Problem to solve:
Set down the data below in full, exactly as it reads, but without the pictures.

Stored data:
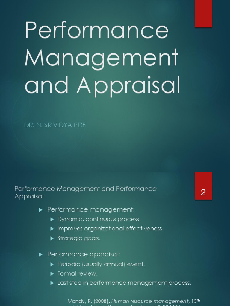 Performance Management and Appraisal Dr. N. Srividya PDF PDF
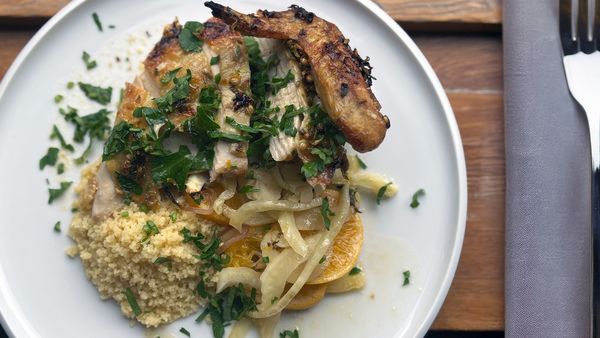 (Serves 4) For marinade: 1 Tbsp fennel seed 1 Tbsp coriander seed ¼ cup sugar 1 Tbsp kosher salt Zest of 4 clementines 1 Tbsp sage leaves, minced 2 sprigs of tarragon, minced 2 tsp Dijon mustard ¼ cup olive oil For chicken: 4lb organic chicken, spatchcocked ¼ cup olive oil 8 to 10 clementines, sliced 2 small fennel bulbs, sliced 2 shallots, sliced 1 cup orange juice |
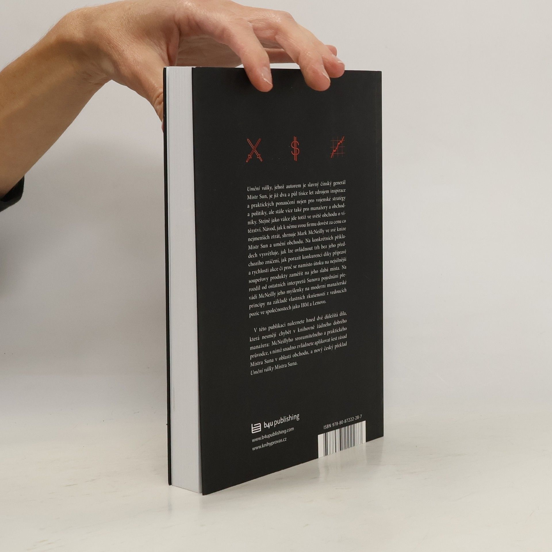 Umění války, jehož autorem je slavný čínský generál Mistr Sun, je již dva a půl tisíce let zdrojem inspirace a praktických ponaučení nejen pro vojenské stratégy a politiky, ale stále více také pro manažery a obchodníky. Stejně jako ve válce jde totiž i ve světě obchodu o vítězství. Jak k němu svou firmu dovést za cenu co nejmenších ztrát shrnuje Marc McNeilly ve své knize Mistr Sun a umění obchodu. Na konkrétních příkladech vysvětluje, jak lze ovládnout trh bez jeho předchozího zničení, jak porazit konkurenci díky přípravě a rychlosti akce, či proč se namísto útoku na nejsilnější soupeřovy produkty zaměřit na jeho slabá místa. Na rozdíl od ostatních interpretů převádí McNeilly Sunovy myšlenky na moderní manažerské principy na základě vlastních zkušeností ve vedení společností jako je IBM a Lenovo. V této knize naleznete hned dvě důležitá díla, která nesmí chybět v knihovně žádného dobrého manažera: McNeillyho srozumitelného a praktického průvodce, s nímž snadno zvládnete aplikovat šest zásad Mistra Suna v oblasti obchodu, a nový český překlad Umění války Mistra Suna. Kniha Mistr Sun a umění obchodu sklidila mezinárodní úspěch.
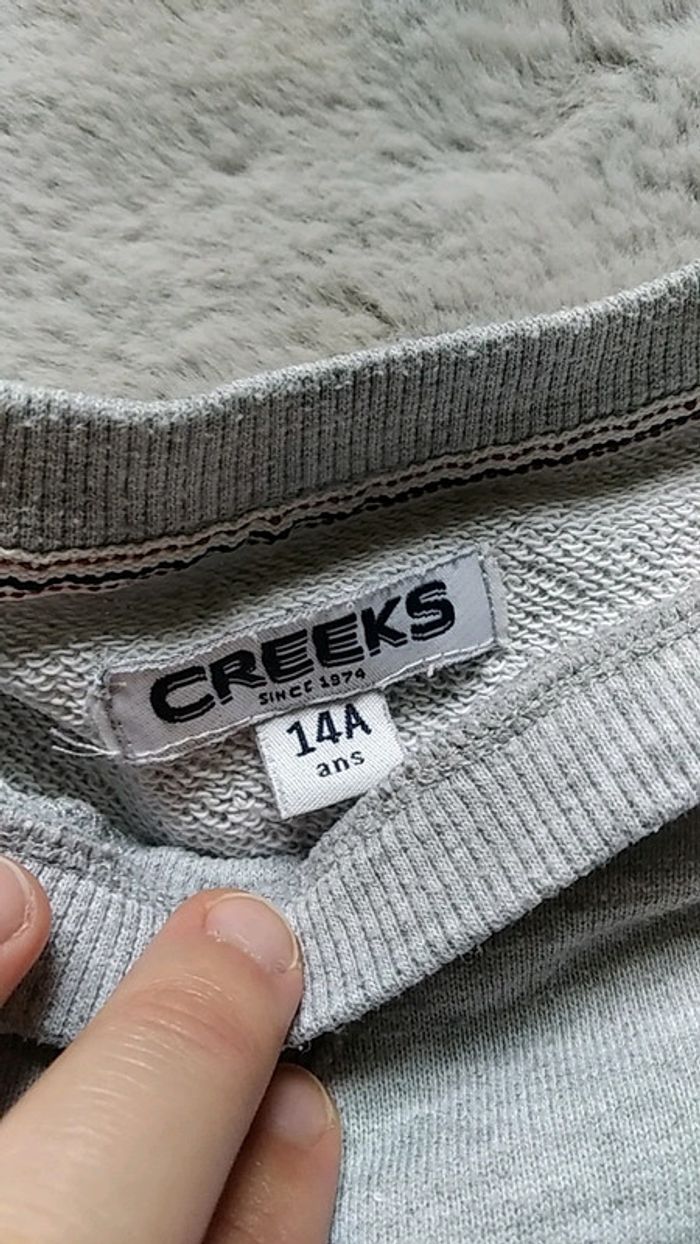 Sweat Creeks Garçon 14 ans Manches longues Couleur gris Petites bouloches 🛑🛑 à noter, une tâche sur le bout de la manche ( photo 4 au bout de mon pouce 👍) Pour cette raison je le mets en satisfaisant. Petit prix, n'hésitez pas à faire un lot ! 🏒🌴 #carbell14ansgarcon Possibilité de baisser les fdp si Envoi par Relais colis ou Mr
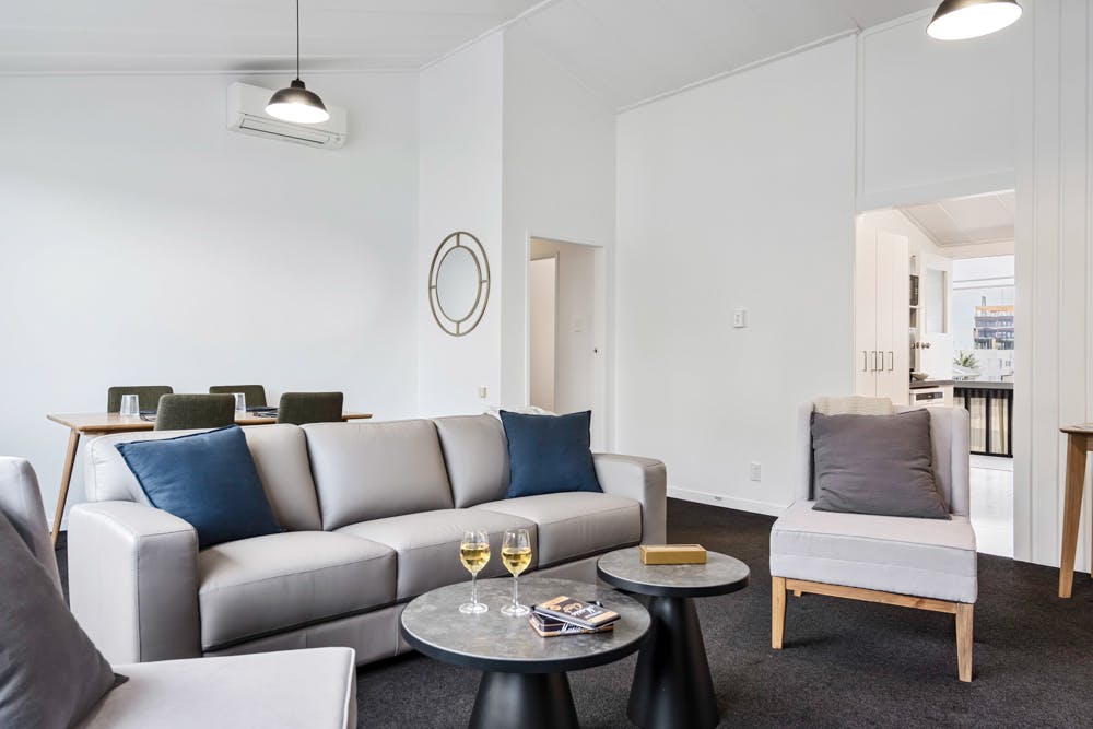 The captivating views from this beautifully appointed penthouse apartment are moody and ever changing with the seasons. Relax and enjoy the magical vistas over the bay from our 6-metre-long windowed living area. Turn on the heat pump to warm up or cool down and curl up on our 3-seater leather sofa. View your favourite shows on SKY TV or use your Netflix account on our 60-inch TV. Screen time not your thing, then read a book or play one of the many board games from our comfortable occasional chairs.
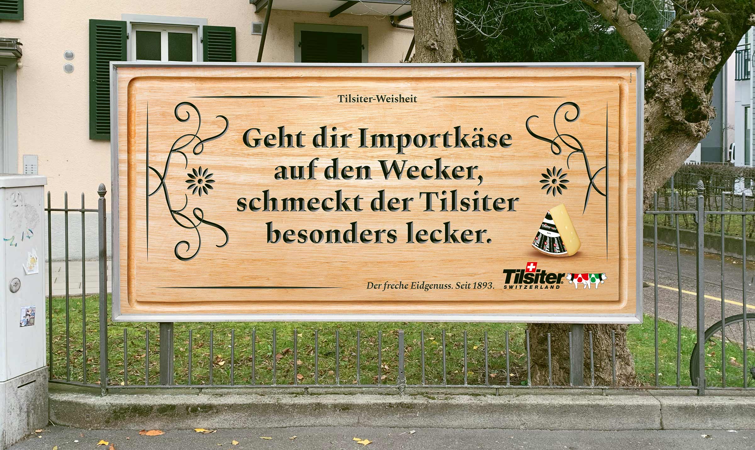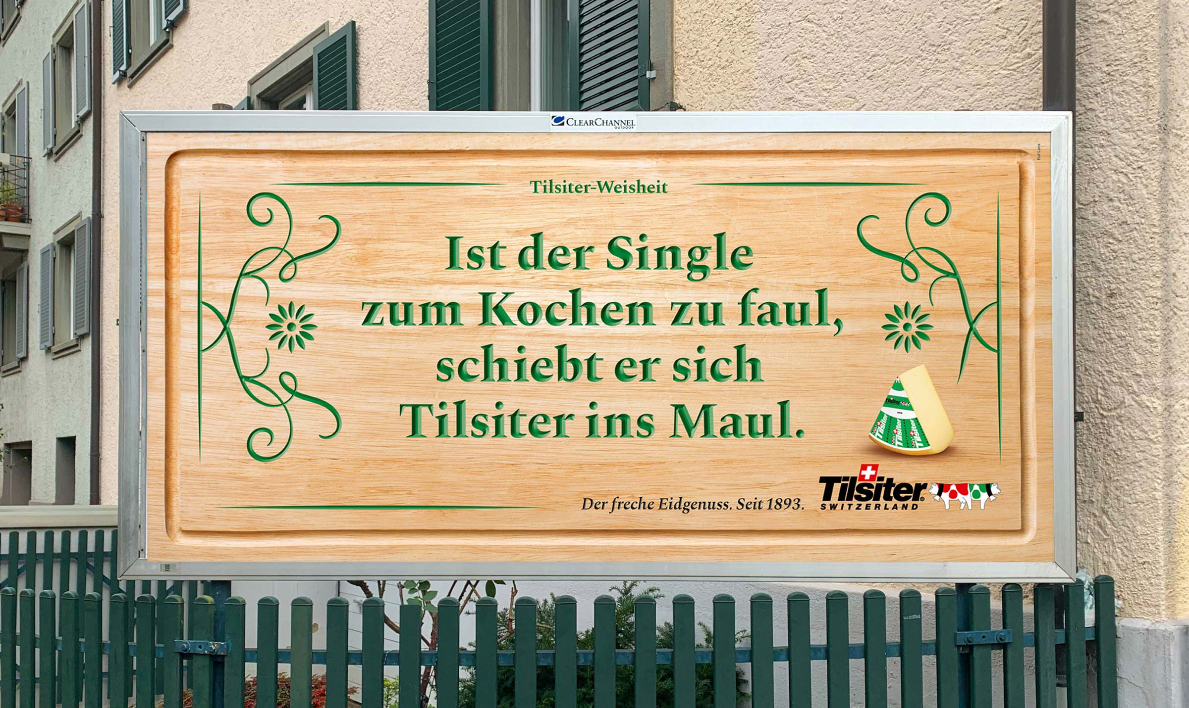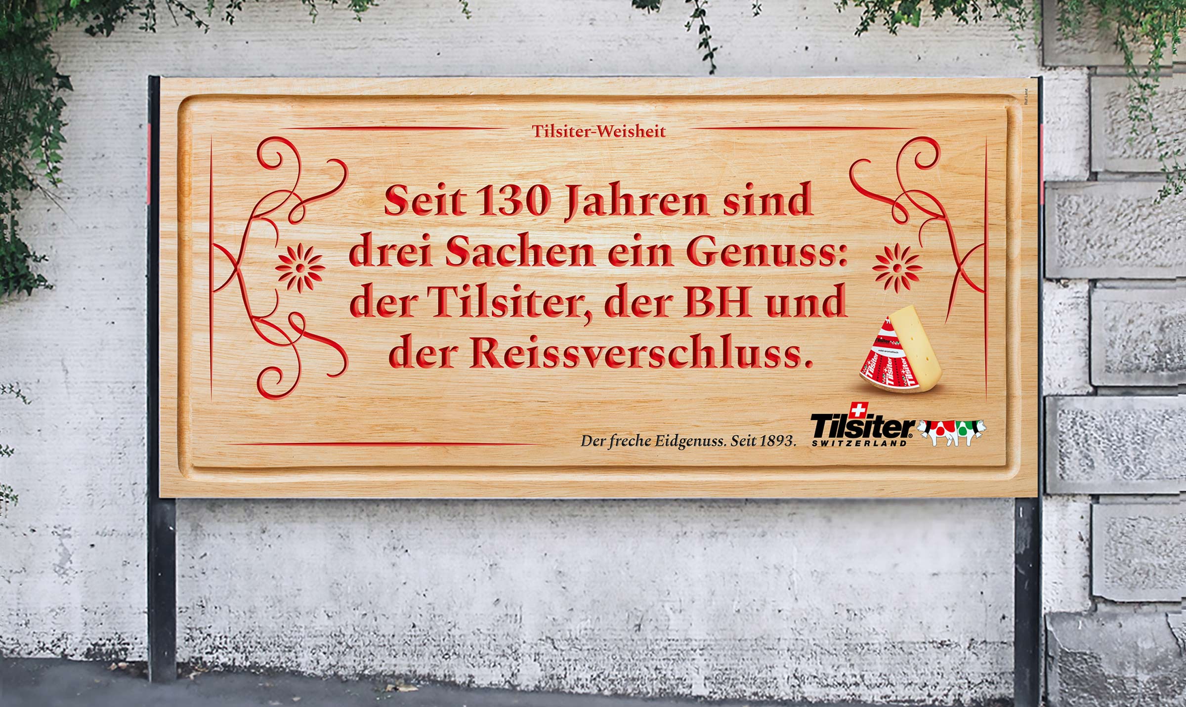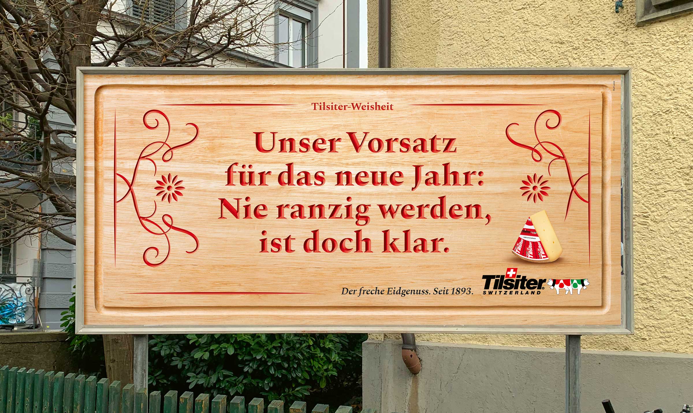 Seit Jahresanfang sind die ersten 15 Tilsiter-Weisheiten auf Plakatwänden in der ganzen Deutschschweiz zu sehen. Darunter finden sich augenzwinkernde Anspielungen auf aktuelle Ereignisse und Themen sowie standortbezogene Spezialsujets. Etwa das Strassenplakat «Vorsicht, Blitzer, langsam fahren, das Geld besser für Tilsiter sparen» oder der neckische Gruss in die urbanen Zentren: «In der Stadt sind alle trendy, bestellen den Tilsiter nur übers Handy».
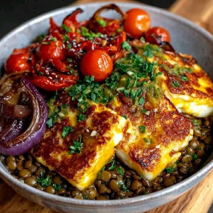 This Mediterranean Lentil & Halloumi Warm Salad brings together tender lentils, golden fried halloumi, and vibrant vegetables for a dish that is hearty, balanced, and full of fresh, bright flavors. Warm components mingle with crisp greens, while herbs and lemon juice create a refreshing finish. The combination of textures—from creamy halloumi to soft lentils and lightly sautéed vegetables—makes this salad satisfying enough for a full meal while still feeling light and nourishing.
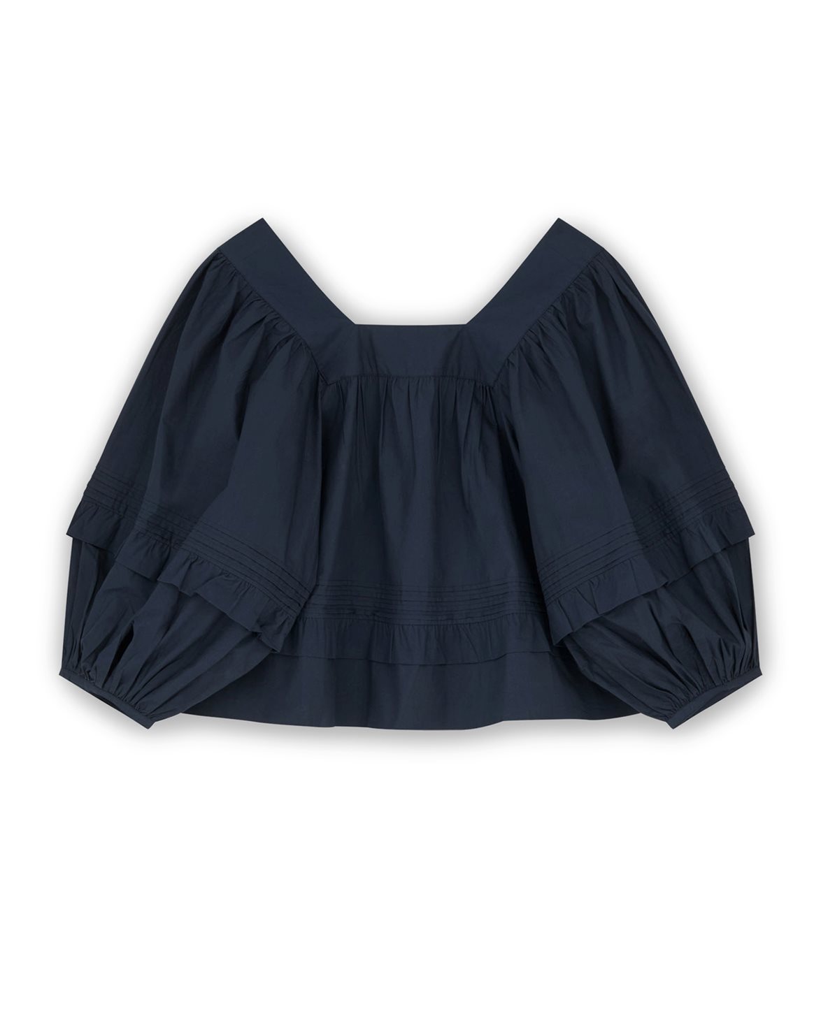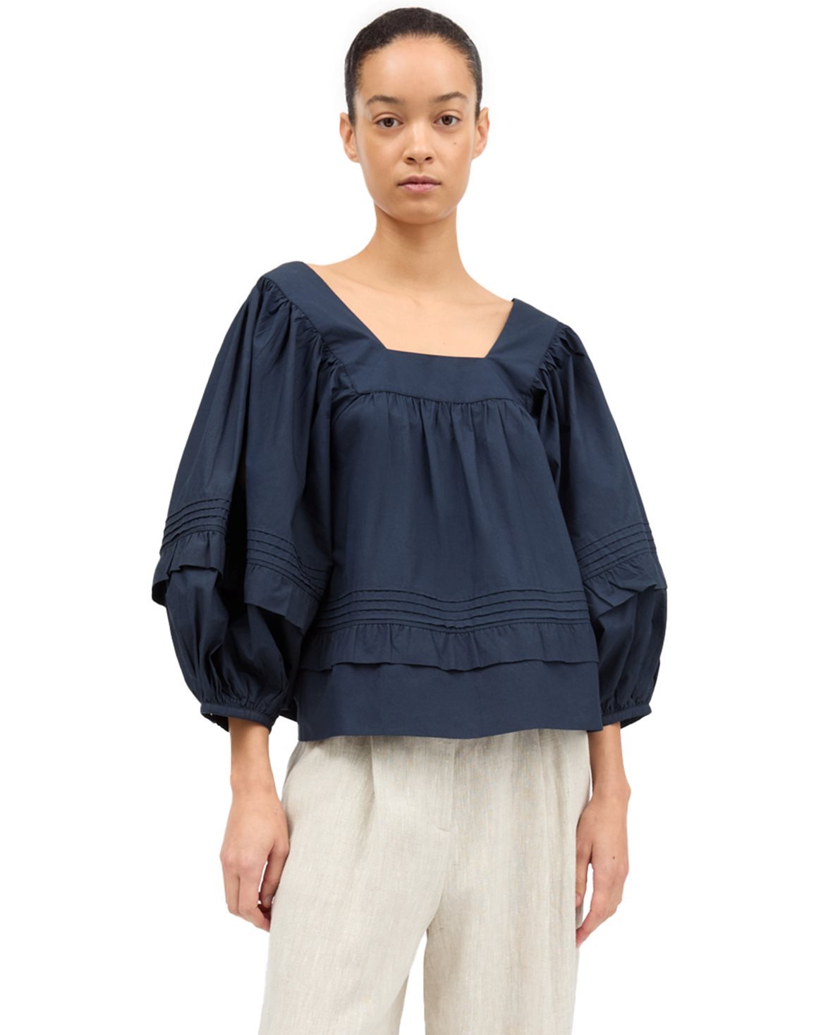 Blus från Skall Studio. Alice Blouse är tillverkad av 100% ekologisk bomull (GOTS-certifierad) och har en avslappnad passform. Blusen är designad med volangdetaljer och ballongformade ärmar.

Output for this task:
 Performance Management and Appraisal Dr. N. Srividya PDF PDF
 (Serves 4) For marinade: 1 Tbsp fennel seed 1 Tbsp coriander seed ¼ cup sugar 1 Tbsp kosher salt Zest of 4 clementines 1 Tbsp sage leaves, minced 2 sprigs of tarragon, minced 2 tsp Dijon mustard ¼ cup olive oil For chicken: 4lb organic chicken, spatchcocked ¼ cup olive oil 8 to 10 clementines, sliced 2 small fennel bulbs, sliced 2 shallots, sliced 1 cup orange juice |
 Umění války, jehož autorem je slavný čínský generál Mistr Sun, je již dva a půl tisíce let zdrojem inspirace a praktických ponaučení nejen pro vojenské stratégy a politiky, ale stále více také pro manažery a obchodníky. Stejně jako ve válce jde totiž i ve světě obchodu o vítězství. Jak k němu svou firmu dovést za cenu co nejmenších ztrát shrnuje Marc McNeilly ve své knize Mistr Sun a umění obchodu. Na konkrétních příkladech vysvětluje, jak lze ovládnout trh bez jeho předchozího zničení, jak porazit konkurenci díky přípravě a rychlosti akce, či proč se namísto útoku na nejsilnější soupeřovy produkty zaměřit na jeho slabá místa. Na rozdíl od ostatních interpretů převádí McNeilly Sunovy myšlenky na moderní manažerské principy na základě vlastních zkušeností ve vedení společností jako je IBM a Lenovo. V této knize naleznete hned dvě důležitá díla, která nesmí chybět v knihovně žádného dobrého manažera: McNeillyho srozumitelného a praktického průvodce, s nímž snadno zvládnete aplikovat šest zásad Mistra Suna v oblasti obchodu, a nový český překlad Umění války Mistra Suna. Kniha Mistr Sun a umění obchodu sklidila mezinárodní úspěch.
 Sweat Creeks Garçon 14 ans Manches longues Couleur gris Petites bouloches 🛑🛑 à noter, une tâche sur le bout de la manche ( photo 4 au bout de mon pouce 👍) Pour cette raison je le mets en satisfaisant. Petit prix, n'hésitez pas à faire un lot ! 🏒🌴 #carbell14ansgarcon Possibilité de baisser les fdp si Envoi par Relais colis ou Mr
 The captivating views from this beautifully appointed penthouse apartment are moody and ever changing with the seasons. Relax and enjoy the magical vistas over the bay from our 6-metre-long windowed living area. Turn on the heat pump to warm up or cool down and curl up on our 3-seater leather sofa. View your favourite shows on SKY TV or use your Netflix account on our 60-inch TV. Screen time not your thing, then read a book or play one of the many board games from our comfortable occasional chairs.
 Seit Jahresanfang sind die ersten 15 Tilsiter-Weisheiten auf Plakatwänden in der ganzen Deutschschweiz zu sehen. Darunter finden sich augenzwinkernde Anspielungen auf aktuelle Ereignisse und Themen sowie standortbezogene Spezialsujets. Etwa das Strassenplakat «Vorsicht, Blitzer, langsam fahren, das Geld besser für Tilsiter sparen» oder der neckische Gruss in die urbanen Zentren: «In der Stadt sind alle trendy, bestellen den Tilsiter nur übers Handy».
 This Mediterranean Lentil & Halloumi Warm Salad brings together tender lentils, golden fried halloumi, and vibrant vegetables for a dish that is hearty, balanced, and full of fresh, bright flavors. Warm components mingle with crisp greens, while herbs and lemon juice create a refreshing finish. The combination of textures—from creamy halloumi to soft lentils and lightly sautéed vegetables—makes this salad satisfying enough for a full meal while still feeling light and nourishing.
 Blus från Skall Studio. Alice Blouse är tillverkad av 100% ekologisk bomull (GOTS-certifierad) och har en avslappnad passform. Blusen är designad med volangdetaljer och ballongformade ärmar.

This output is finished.